This project is intended to be a forensic investigation tool. It enables extraction of key frequency ranges from audio samples. The background signals can be used to compare multiple different sources or audio files and determine if they were recorded at the same place or at the same time.
The electrical grid in the US runs at 60Hz with very little deviation. Historical data of the exact signal produced along the grid can be accessed by investigators. By extracting a narrow frequency band around 60Hz in audio recordings taken as evidence, it is theoretically possible to compare the ~60Hz component of the audio evidence to historical readings of the grid to determine an exact time when a file was recorded. This information is extremely valuable in instances where metadata for a file was overwritten or otherwise modified.
For more information on how this project works, see the detailed write up at Mains Hum and Audio Evidence Comparison Tool.pdf.
Requires:
- python: It works on python3.11.2, but will probably work on many other versions
- ffmpeg: ffmpeg is a command line audio and video editor. The official download page can be found here: https://ffmpeg.org/download.html
Run pip install -r requirements.txt
to install any additional needed libraries.
This project comes with a cli, which is the primary way of interfacing with it.

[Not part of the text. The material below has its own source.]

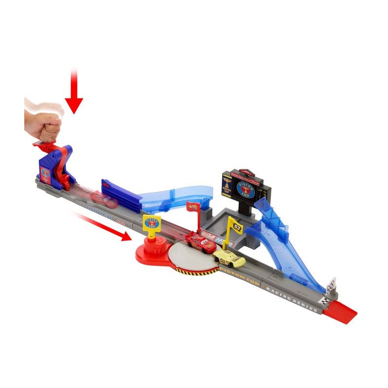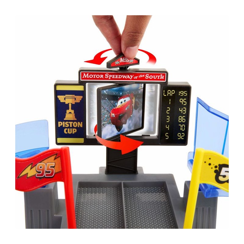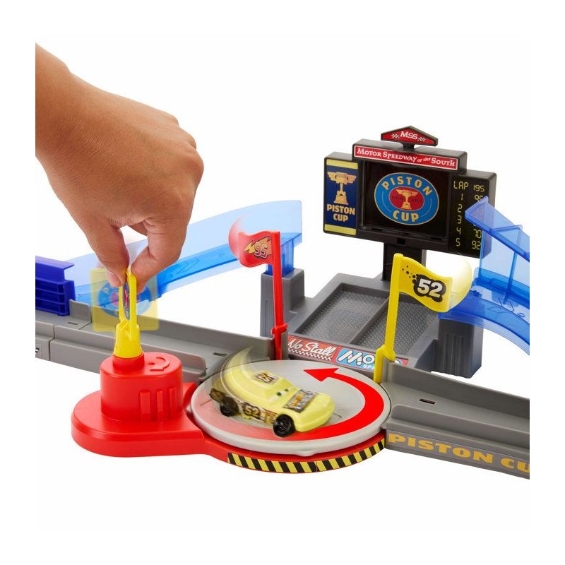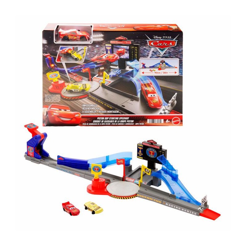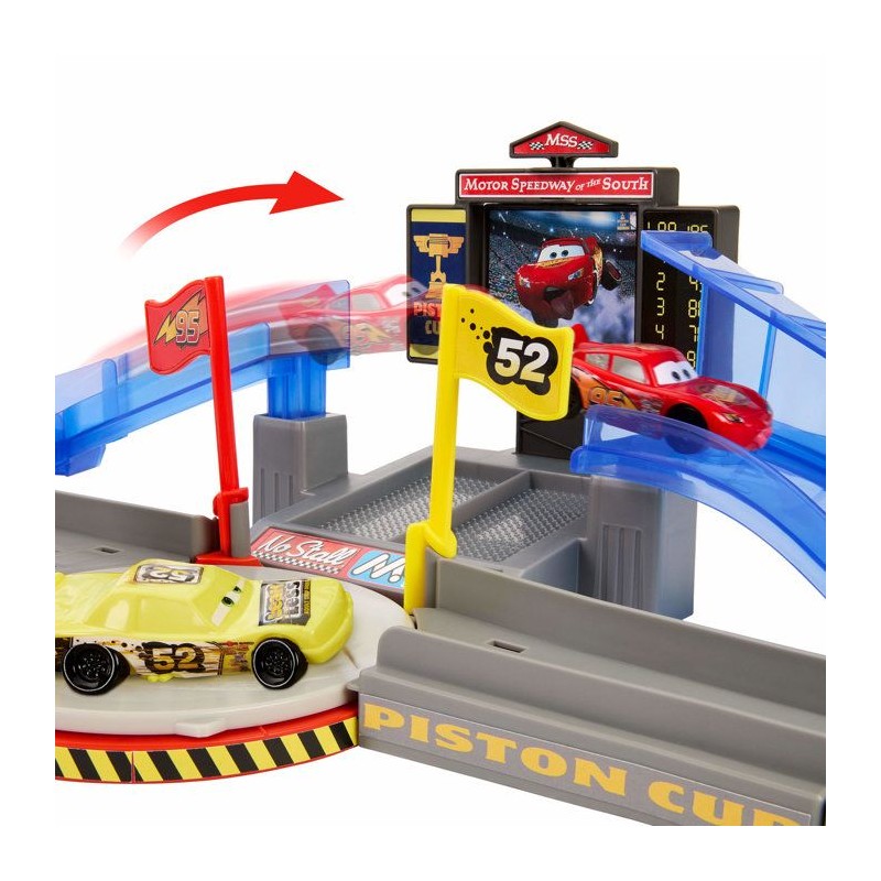 Circuit de la scene iconique du film Cars, affichage interactif et plusieurs routes, 2 véhicules die cast inclus

There are two tasks that can be accomplished through the cli, explained below.
Real world investigations focusing on comparing evidence against the mains hum would not need this mode, but in cases where an investigator does not have access to historical mains data or would like to compare audio evidence on different frequency ranges, this mode is useful.
This mode takes one sample file and extracts a given range of frequencies from it, writing the extracted data into a new .wav file.
python cli.py x [sample file] [frequency] [range] [output file]
- x: Specifies extract mode. Can also be written as
extract
. - sample file: Takes a relative path for the file from which data should be extracted. Can be any file that contains audio data.
- frequency: The core frequency in Hz that should be extracted from the sample.
- range: How many Hz in either direction from the core frequency should be accepted through the filter. This is not an exact measure due to how the filtering method works.
- output file: Where the extracted signal should be saved to. Should end in
.wav
.
After running extract, a new file will be created which contains only the desired frequencies from the input signal.
This is the primary mode of operation of the tool. Compare mode takes two files, one being an unedited, unprocessed sample to be analyzed. The other is a known background signal, generally in a very narrow frequency band that can be used to time stamp the sample. The program will return if certain background frequencies of the sample also exist within the background, and if so, when.
python cli.py c [sample file] [background data] [freq] [range]
- c: Specifies compare mode. Can also be written as
compare
. - sample file: Takes a relative path for the file from which data should be analyzed. Can be any file that contains audio data.
- background data: Takes a relative path for the file which contains historical background data with known recording time. Must be a .wav file.
- frequency: The core frequency in Hz that should be extracted from the sample.
- range: How many Hz in either direction from the core frequency should be accepted through the filter. This is not an exact measure due to how the filtering method works.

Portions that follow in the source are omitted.